圧縮強さ - [一般に引張強さの70%程度と考えれば良いのでは]
せん断強さ - [一般に引張強さの50%程度と考えれば良いのでは]
曲げ強さ - [一般に引張強さの100〜150%程度と考えれば良いのでは]
■ 鋳物用アルミ合金の種類と特性
・合金の種類と特性
AC1A,AC1B(Al-Cu,Al-Cu-Mg系)
高強度だが鋳造性が悪く、耐食性も良くない。
架線用部品、自転車部品、航空機用油圧部品、電装部品などの高い強さを必要とする構造材に用いられる。
AC2A,AC2B(Al-Cu-Si系)
Al-Cu系の鋳造性を改善した合金で、流動性、被削性、溶接性が良好
AC2Aは自動車のシリンダ-ヘッド、マニホ-ルド、デフキャリア、ポンプボディ、足回り部品などに用いられる。
AC2Bはクランクケ-ス、バルブボディ、クラッチハウジングなどに用いられる。
AC3A(Al-Si系)
流動性が良く、薄肉で大型鋳物、形状が複雑な鋳物に用いられる。非熱処理型合金で、比較的強度が低く、機械的特質、被削性が劣るが、溶接性、耐食性は良い。
ケ-ス、カバ-、ハウジング類、カ-テンウォ-ルなどに用いられる。
AC4A,AC4C,AC4CH(Al-Si-Mg系)
当社が-ACE- で使用している材料
Al-Si系合金に少量のMgを加えたもので、熱処理効果を与え、機械的性質と被削性を改善した合金。耐食性が良い。
AC4Aはミッションケ-ス、クランクケ-ス、ブレ-キドラム、ギヤボックスに用いられる。
AC4Cは油圧部品、ミッションケ-ス、フライホイ-ルハウジング、ブラケット、水冷シリンダ-ブロック、ハンドル、カ-テンウォ-ルなど非常に多くに用いられている。

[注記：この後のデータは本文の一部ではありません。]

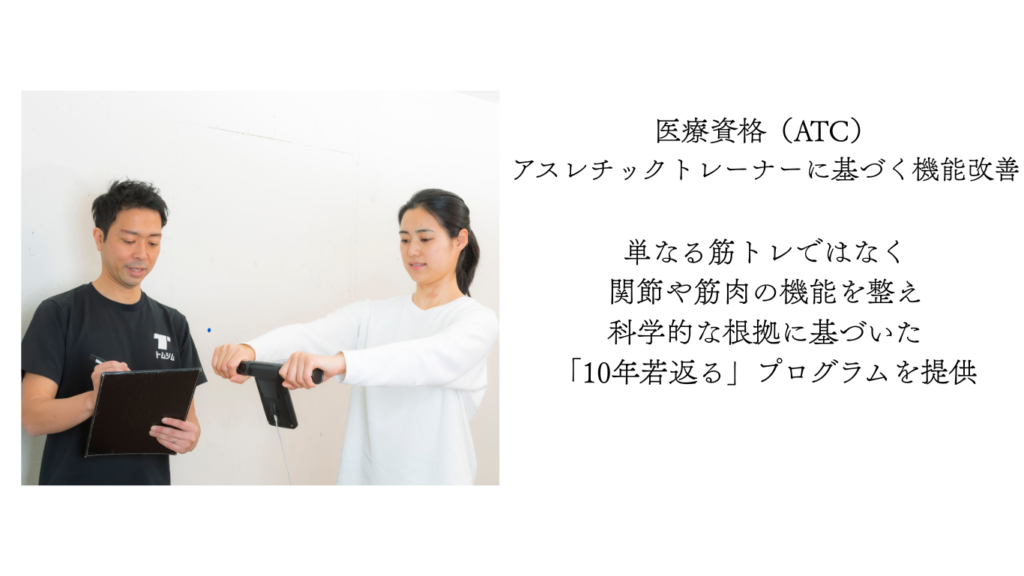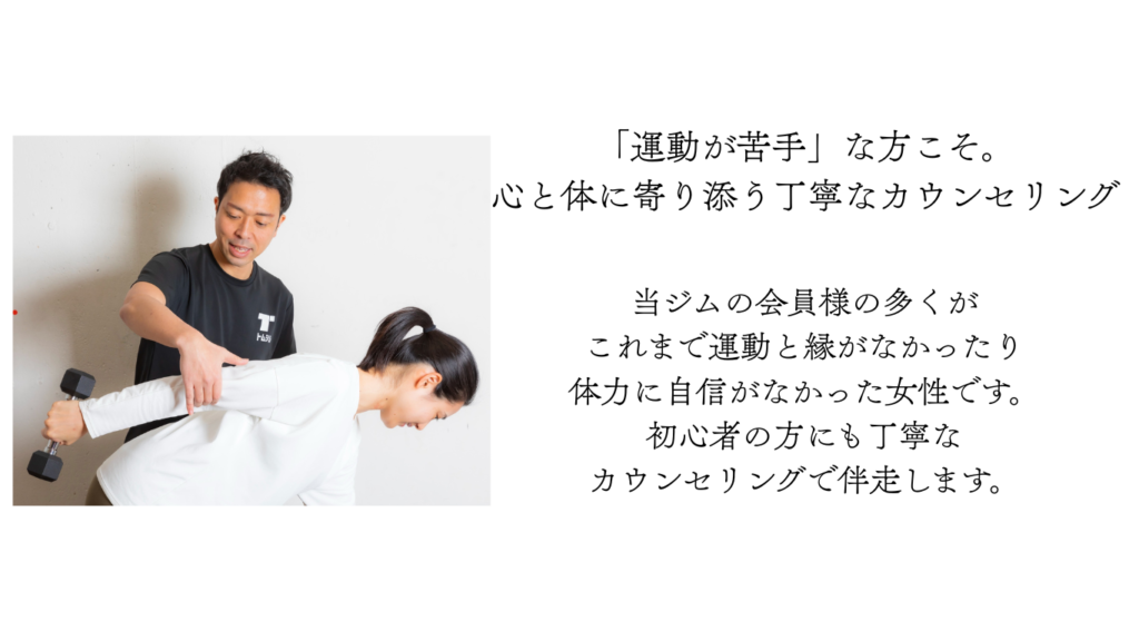 ご安心ください。当ジムの会員様の7割が、運動経験が少ない女性です。いきなりハードなトレーニングは行いません。まずは医学的資格(ATC)を持つトレーナーが、お体の柔軟性や関節の動きをチェックし、お一人おひとりの体力に合わせた「心地よい」メニューからスタートします。

AC4CHは自動車用ホイ-ル、架線金具、航空機用エンジンなどに用いられる。
AC4B(Al-Si-Cu系)
比較的高い強度を持ち、流動性、耐鋳造割れ性、被削性、溶接性が良好
クランクケ-ス、シリンダ-ヘッド、マニホ-ルド、航空機用電装部品などに広く用いられている。
AC4D(Al-Si-Mg-Cu系)
Al-Si系の熱処理硬化性を改善して、強度とじん性を高めた合金で、耐食性、耐熱性が良好
シリンダ-ヘッド、シリンダ-ブロック、クランクケ-ス、ギアハウジング、油圧部品などに用いられる。
AC5A(Al-Cu-Ni-Mg系)
高温での機械的性質が特に優れるほか、被削性が良好
シリンダ-ヘッド、シリンダ-ブロック、油圧部品などに用いられる。
AC7A(Al-Mg系)
特に耐食性に優れた合金で、強さ、伸び、じん性が良好。陽極酸化もしやすい。
食料用器具、化学用部品、住宅や建築物の装飾、事務機器、ドア金具などに用いられる。
AC8A,AC8B,AC8C(Al-Si-Cu-Ni-Mg系)
熱膨張係数が小さく、耐摩耗性に優れる。高温強さ、鋳造性が良好
ガソリン及びディ-ゼルエンジン用ピストン合金として多く用いられる。
AC9A,AC9B(Al-Si-Cu-Mg-Ni系)
熱膨張係数が最も小さく、耐摩耗性に優れる。高温強さ、硬さが良好
二輪車用空冷ピストンシリンダ、ディ-ゼルエンジン用ピストンなどに用いられる。